When you start to have really long integers, it starts to look really messy (how many thousands are in 1982137092 at a glance?) Luckily, Python allows us to use _ inside our integers to space out our digits. Thus we could write that instead as 1_902_137_092. Isn’t that nicer!

Basic Arithmetic

The type of a variable controls what operations can be performed on it. For example, we can subtract floats and ints, but we cannot subtract strings:

print(42-12)
print(3.14-15)
print('hello' - 'h')
30
-11.86
---------------------------------------------------------------------------
TypeError                                 Traceback (most recent call last)
Cell In[19], line 3
      1 print(42-12)
      2 print(3.14-15)
----> 3 print('hello' - 'h')

TypeError: unsupported operand type(s) for -: 'str' and 'str'

However, we can add strings together:

my_sentence = 'Adding' + ' ' + 'strings' + ' ' + 'concatenates them.'
print(my_sentence)
Adding strings concatenates them.

As well as multipling a string by an integer to get a repeated string:

repeated_string = '=+'*10
print(repeated_string)
=+=+=+=+=+=+=+=+=+=+

As we saw above, we can mix and match both of the numerical types, however we will get an error if we try to mix a string with a number:

print(1 + '2')
---------------------------------------------------------------------------
TypeError                                 Traceback (most recent call last)
Cell In[22], line 1
----> 1 print(1 + '2')

TypeError: unsupported operand type(s) for +: 'int' and 'str'

In order to have a sensical operation, we need to convert variables to a common type before doing our operation. We can convert variables using the type name as a function.

print(1 + int('2'))
print(str(1) + '2')
3
12
Int of a Float?

Note that when converting floats to integers, it will always round down! That is, int(3.6) = int(3.1) = 3!
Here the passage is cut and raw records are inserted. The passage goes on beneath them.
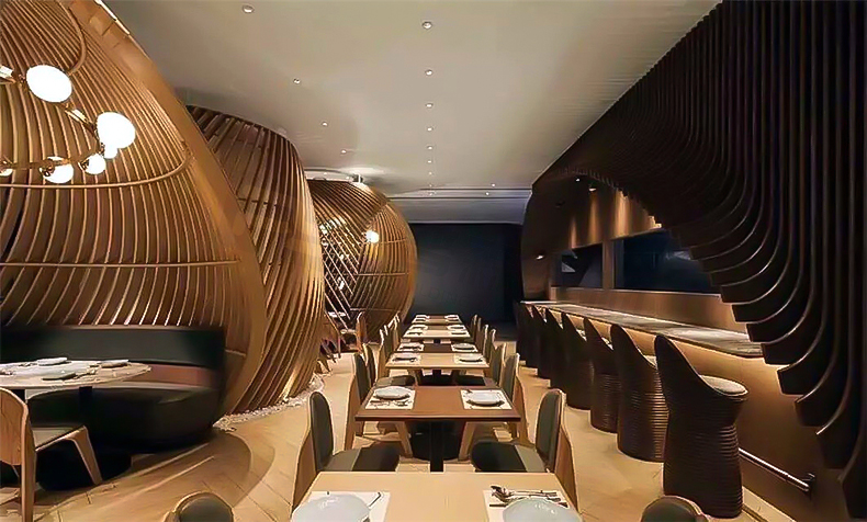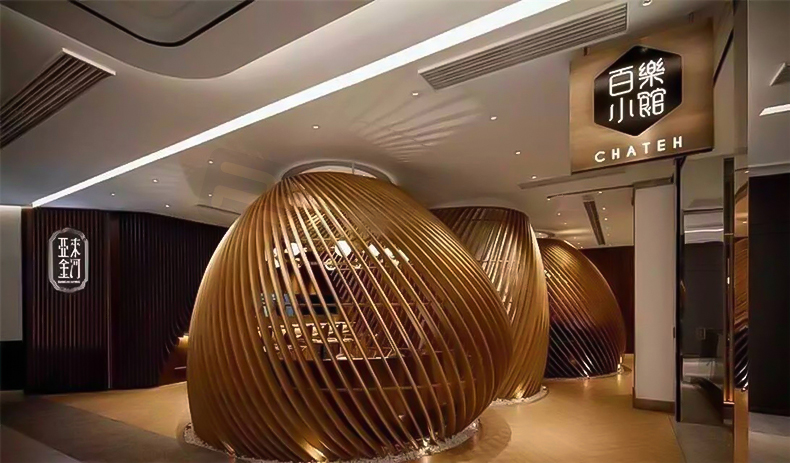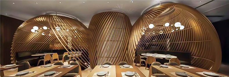 高档餐厅弧形铝方通装饰
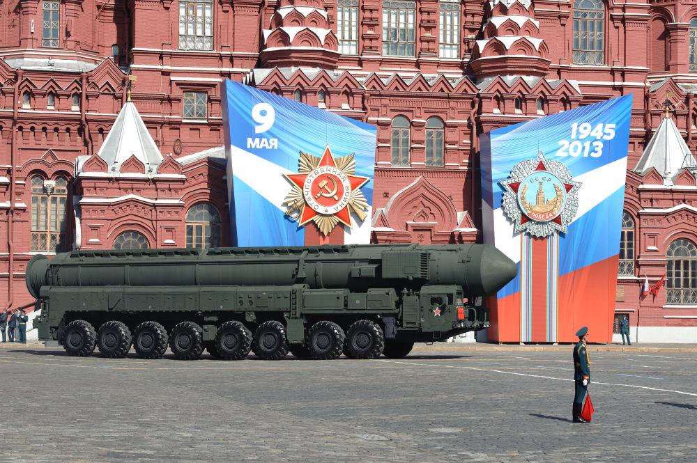2013年5月9日,在俄罗斯莫斯科举行的纪念卫国战争胜利68周年阅兵式上,俄罗斯“白杨-M”洲际弹道导弹亮相。新华社记者姜克红摄
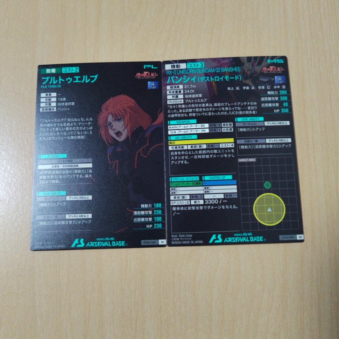 ガンダムアーセナルベース、Mレア、バンシィ(デストロイモード)& プルトゥエルブの出品となります。未使用品です。排出後、スリーブに入れて保管していますが初期キズなど気になさる方はご遠慮ください。配送料金は梱包代込みで全国一律、120円とさせていただきます。他の出品との同梱は対応いたします。ノークレム、ノーリターンにてお願いいたします。
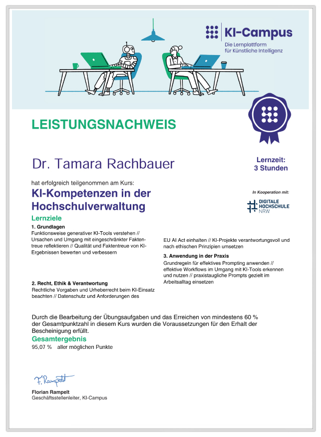 Leistungsnachweis über die Teilnahme am Seminar: KI-Kompetenzen in der Hochschulverwaltung am KI-Campus (08.2025)
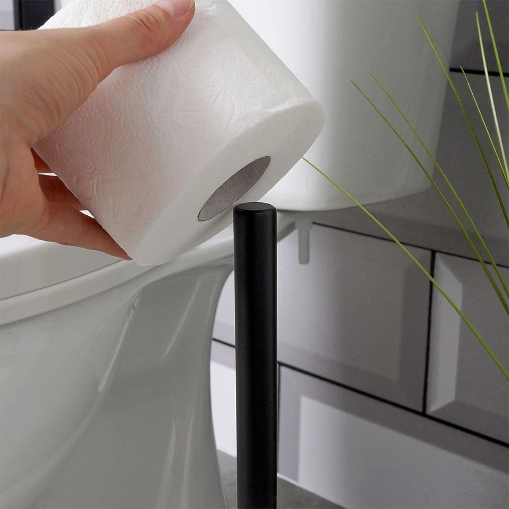 Tija verticală poate găzdui până la cinci role de rezervă de hârtie igienică, astfel încât stocul este mereu pregătit și ușor de observat.

One last bit of math you might come across are the various types of division:

  • / performs regular floating-point division
  • // performs integer floor division
  • % returns the remainder of integer division
print('5 / 3 :', 5 / 3)
print('5 // 3:', 5 // 3)
print('5 % 3 :', 5 % 3)
5 / 3 : 1.6666666666666667
5 // 3: 1
5 % 3 : 2

Built in Functions

Python has multiple pre-built functions that come in handy. We have already made use of the print() command frequently, and learned how to use type() to tell us what type of data our variables are. Here are some other frequently used functions:

  • len() : Tells us the length of a list, string, or other ordered object. Does not work on numbers!
  • help() : Gives help for other functions
  • min() : Gives the mininum value in a list of options.
  • max() : Gives the maximum value in a list of options.
  • round(): Rounds a value to a given decimal length.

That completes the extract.